Exercise:
Write every line below out again, exactly as given, but leave out the pictures.

-- Opening Marker --

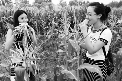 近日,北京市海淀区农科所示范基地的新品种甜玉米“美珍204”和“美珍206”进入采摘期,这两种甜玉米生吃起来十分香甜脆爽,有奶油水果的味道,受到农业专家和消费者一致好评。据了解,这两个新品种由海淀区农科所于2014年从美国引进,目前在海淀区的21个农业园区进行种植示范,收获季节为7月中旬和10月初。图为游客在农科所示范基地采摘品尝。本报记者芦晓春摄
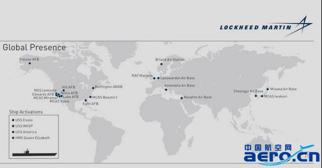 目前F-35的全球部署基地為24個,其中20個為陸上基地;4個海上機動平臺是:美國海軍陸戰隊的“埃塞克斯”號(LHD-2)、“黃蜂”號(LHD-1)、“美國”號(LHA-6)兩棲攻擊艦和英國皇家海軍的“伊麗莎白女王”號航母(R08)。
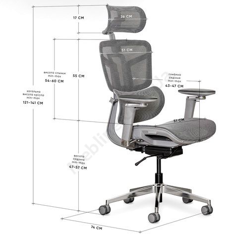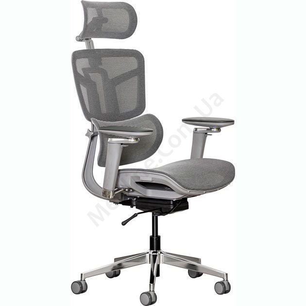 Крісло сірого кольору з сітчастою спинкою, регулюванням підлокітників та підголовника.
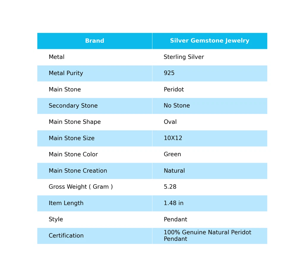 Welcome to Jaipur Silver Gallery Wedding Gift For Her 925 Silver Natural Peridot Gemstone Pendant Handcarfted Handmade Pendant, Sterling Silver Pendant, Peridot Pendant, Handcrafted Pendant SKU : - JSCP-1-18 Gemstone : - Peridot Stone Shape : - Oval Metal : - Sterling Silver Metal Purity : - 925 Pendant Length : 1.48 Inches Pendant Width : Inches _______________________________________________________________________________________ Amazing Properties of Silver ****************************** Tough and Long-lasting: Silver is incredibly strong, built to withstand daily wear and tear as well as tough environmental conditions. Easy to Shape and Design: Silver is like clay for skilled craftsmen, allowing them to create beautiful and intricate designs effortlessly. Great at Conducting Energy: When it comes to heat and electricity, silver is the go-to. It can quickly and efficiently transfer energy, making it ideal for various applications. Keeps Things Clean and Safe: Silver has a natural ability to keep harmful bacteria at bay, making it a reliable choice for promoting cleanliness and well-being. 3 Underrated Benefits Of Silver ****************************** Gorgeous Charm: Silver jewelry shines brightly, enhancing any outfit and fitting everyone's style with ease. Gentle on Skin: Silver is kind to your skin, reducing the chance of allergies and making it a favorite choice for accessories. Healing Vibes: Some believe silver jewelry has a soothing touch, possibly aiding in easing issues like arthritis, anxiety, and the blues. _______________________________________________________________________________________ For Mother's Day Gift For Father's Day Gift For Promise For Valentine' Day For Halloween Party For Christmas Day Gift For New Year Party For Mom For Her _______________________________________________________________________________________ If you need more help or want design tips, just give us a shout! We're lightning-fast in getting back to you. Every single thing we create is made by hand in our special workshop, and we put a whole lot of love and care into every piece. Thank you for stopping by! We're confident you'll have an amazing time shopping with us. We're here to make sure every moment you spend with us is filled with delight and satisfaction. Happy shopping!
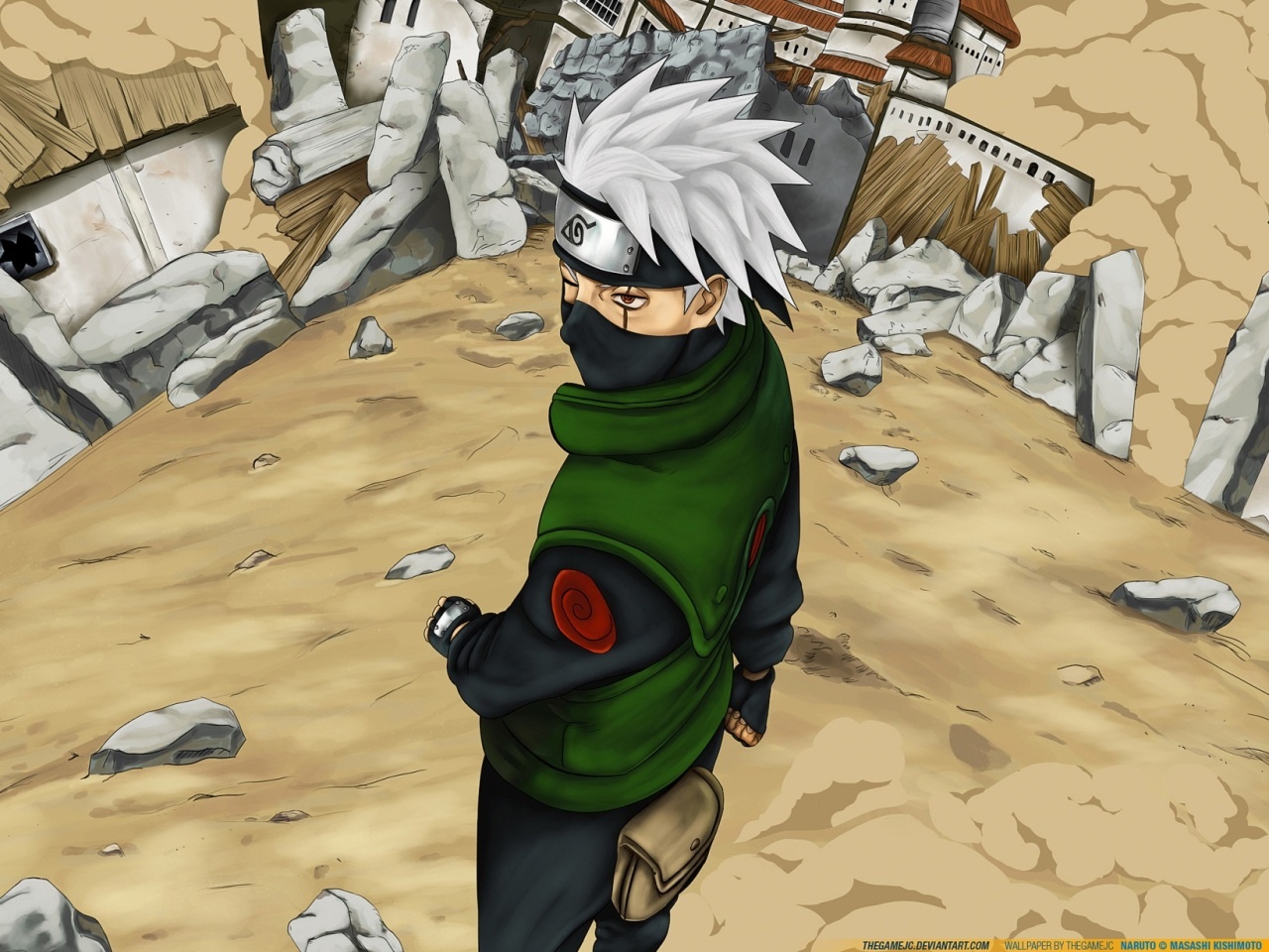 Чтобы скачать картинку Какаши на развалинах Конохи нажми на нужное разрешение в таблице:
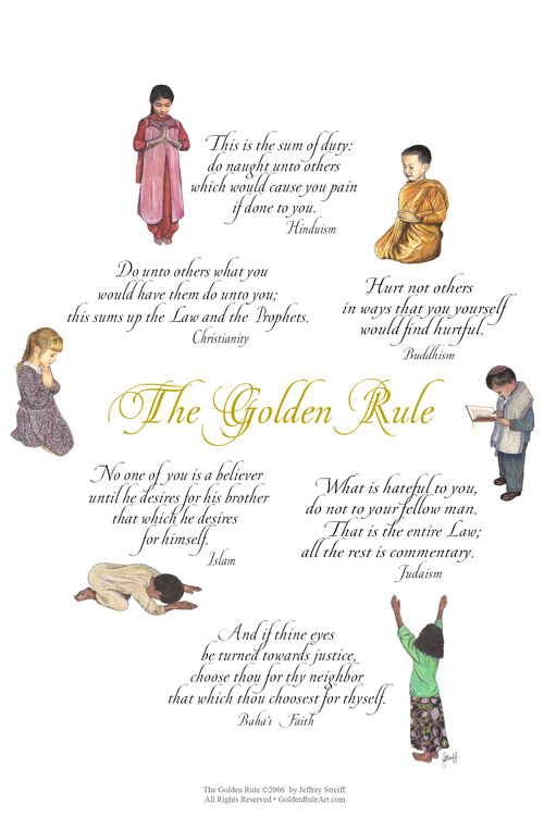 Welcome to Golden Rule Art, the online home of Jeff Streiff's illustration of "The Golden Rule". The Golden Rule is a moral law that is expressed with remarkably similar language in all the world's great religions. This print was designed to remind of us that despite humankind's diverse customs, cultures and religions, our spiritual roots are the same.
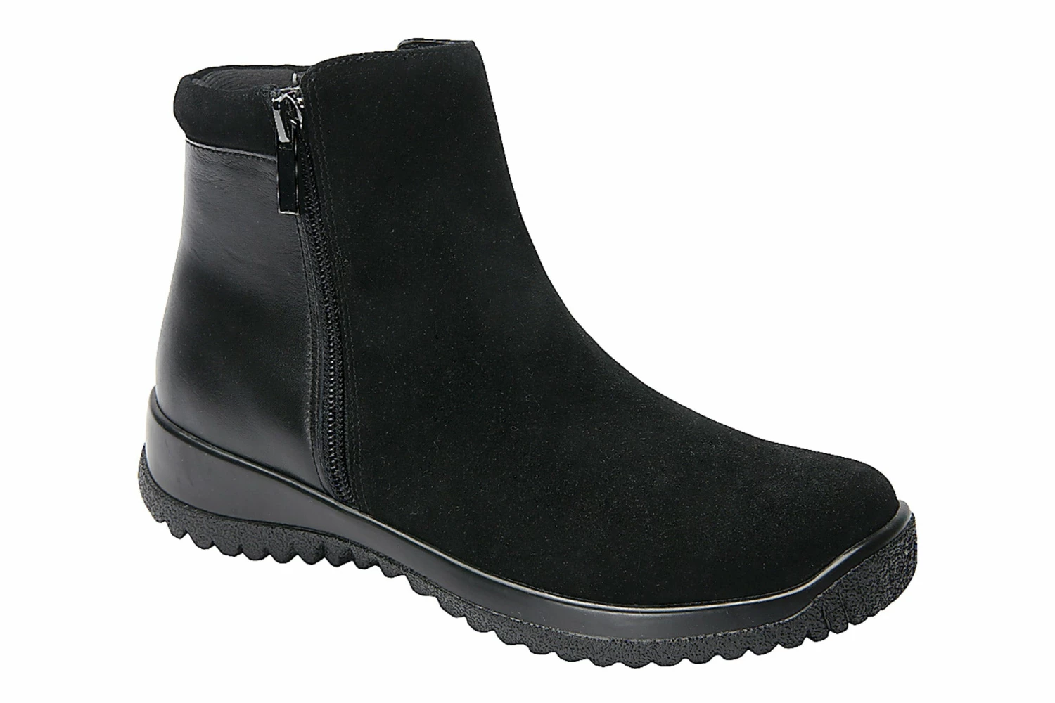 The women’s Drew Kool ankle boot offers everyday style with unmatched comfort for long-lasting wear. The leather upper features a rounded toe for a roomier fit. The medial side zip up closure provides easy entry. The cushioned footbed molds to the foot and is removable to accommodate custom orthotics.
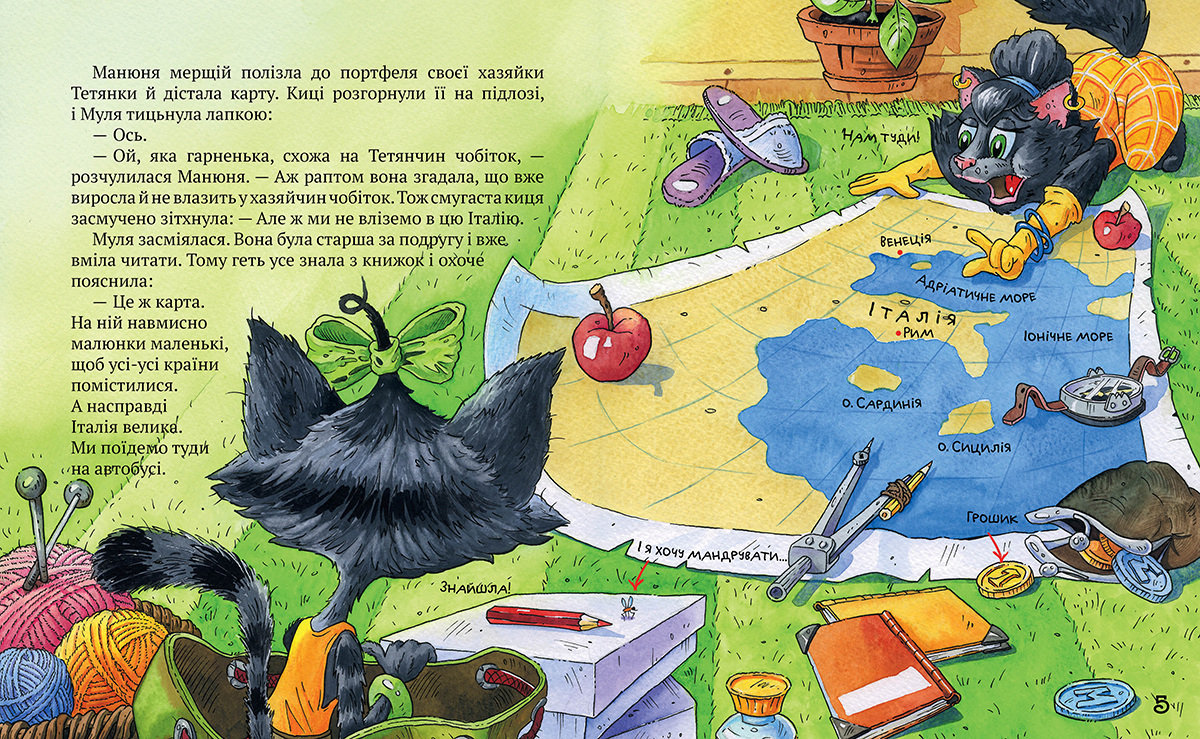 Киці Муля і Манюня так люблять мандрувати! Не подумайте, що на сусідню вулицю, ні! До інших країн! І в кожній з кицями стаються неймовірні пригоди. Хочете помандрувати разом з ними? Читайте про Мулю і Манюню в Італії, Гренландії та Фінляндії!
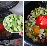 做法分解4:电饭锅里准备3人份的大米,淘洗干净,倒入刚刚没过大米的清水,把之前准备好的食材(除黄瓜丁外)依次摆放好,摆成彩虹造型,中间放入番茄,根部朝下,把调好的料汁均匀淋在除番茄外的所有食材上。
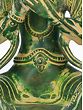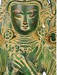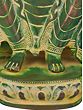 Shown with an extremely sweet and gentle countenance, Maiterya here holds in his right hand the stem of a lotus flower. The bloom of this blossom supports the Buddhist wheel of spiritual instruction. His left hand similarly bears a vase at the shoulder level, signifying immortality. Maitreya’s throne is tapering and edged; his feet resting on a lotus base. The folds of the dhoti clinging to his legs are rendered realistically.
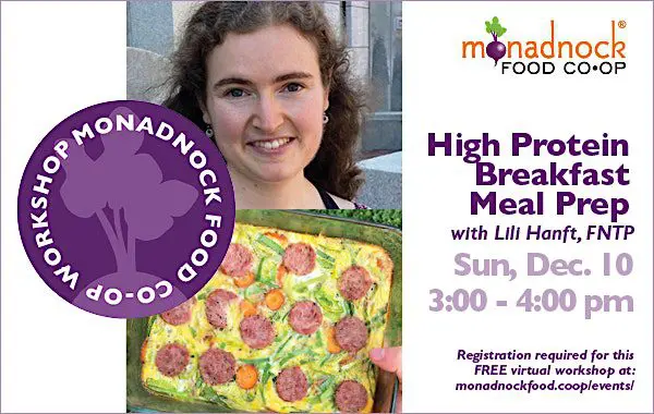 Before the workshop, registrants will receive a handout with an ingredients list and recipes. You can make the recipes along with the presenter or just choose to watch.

-- Closing Marker --

Task solution:
 近日,北京市海淀区农科所示范基地的新品种甜玉米“美珍204”和“美珍206”进入采摘期,这两种甜玉米生吃起来十分香甜脆爽,有奶油水果的味道,受到农业专家和消费者一致好评。据了解,这两个新品种由海淀区农科所于2014年从美国引进,目前在海淀区的21个农业园区进行种植示范,收获季节为7月中旬和10月初。图为游客在农科所示范基地采摘品尝。本报记者芦晓春摄
 目前F-35的全球部署基地為24個,其中20個為陸上基地;4個海上機動平臺是:美國海軍陸戰隊的“埃塞克斯”號(LHD-2)、“黃蜂”號(LHD-1)、“美國”號(LHA-6)兩棲攻擊艦和英國皇家海軍的“伊麗莎白女王”號航母(R08)。
 Крісло сірого кольору з сітчастою спинкою, регулюванням підлокітників та підголовника.
 Welcome to Jaipur Silver Gallery Wedding Gift For Her 925 Silver Natural Peridot Gemstone Pendant Handcarfted Handmade Pendant, Sterling Silver Pendant, Peridot Pendant, Handcrafted Pendant SKU : - JSCP-1-18 Gemstone : - Peridot Stone Shape : - Oval Metal : - Sterling Silver Metal Purity : - 925 Pendant Length : 1.48 Inches Pendant Width : Inches _______________________________________________________________________________________ Amazing Properties of Silver ****************************** Tough and Long-lasting: Silver is incredibly strong, built to withstand daily wear and tear as well as tough environmental conditions. Easy to Shape and Design: Silver is like clay for skilled craftsmen, allowing them to create beautiful and intricate designs effortlessly. Great at Conducting Energy: When it comes to heat and electricity, silver is the go-to. It can quickly and efficiently transfer energy, making it ideal for various applications. Keeps Things Clean and Safe: Silver has a natural ability to keep harmful bacteria at bay, making it a reliable choice for promoting cleanliness and well-being. 3 Underrated Benefits Of Silver ****************************** Gorgeous Charm: Silver jewelry shines brightly, enhancing any outfit and fitting everyone's style with ease. Gentle on Skin: Silver is kind to your skin, reducing the chance of allergies and making it a favorite choice for accessories. Healing Vibes: Some believe silver jewelry has a soothing touch, possibly aiding in easing issues like arthritis, anxiety, and the blues. _______________________________________________________________________________________ For Mother's Day Gift For Father's Day Gift For Promise For Valentine' Day For Halloween Party For Christmas Day Gift For New Year Party For Mom For Her _______________________________________________________________________________________ If you need more help or want design tips, just give us a shout! We're lightning-fast in getting back to you. Every single thing we create is made by hand in our special workshop, and we put a whole lot of love and care into every piece. Thank you for stopping by! We're confident you'll have an amazing time shopping with us. We're here to make sure every moment you spend with us is filled with delight and satisfaction. Happy shopping!
 Чтобы скачать картинку Какаши на развалинах Конохи нажми на нужное разрешение в таблице:
 Welcome to Golden Rule Art, the online home of Jeff Streiff's illustration of "The Golden Rule". The Golden Rule is a moral law that is expressed with remarkably similar language in all the world's great religions. This print was designed to remind of us that despite humankind's diverse customs, cultures and religions, our spiritual roots are the same.
 The women’s Drew Kool ankle boot offers everyday style with unmatched comfort for long-lasting wear. The leather upper features a rounded toe for a roomier fit. The medial side zip up closure provides easy entry. The cushioned footbed molds to the foot and is removable to accommodate custom orthotics.
 Киці Муля і Манюня так люблять мандрувати! Не подумайте, що на сусідню вулицю, ні! До інших країн! І в кожній з кицями стаються неймовірні пригоди. Хочете помандрувати разом з ними? Читайте про Мулю і Манюню в Італії, Гренландії та Фінляндії!
 做法分解4:电饭锅里准备3人份的大米,淘洗干净,倒入刚刚没过大米的清水,把之前准备好的食材(除黄瓜丁外)依次摆放好,摆成彩虹造型,中间放入番茄,根部朝下,把调好的料汁均匀淋在除番茄外的所有食材上。
 Shown with an extremely sweet and gentle countenance, Maiterya here holds in his right hand the stem of a lotus flower. The bloom of this blossom supports the Buddhist wheel of spiritual instruction. His left hand similarly bears a vase at the shoulder level, signifying immortality. Maitreya’s throne is tapering and edged; his feet resting on a lotus base. The folds of the dhoti clinging to his legs are rendered realistically.
 Before the workshop, registrants will receive a handout with an ingredients list and recipes. You can make the recipes along with the presenter or just choose to watch.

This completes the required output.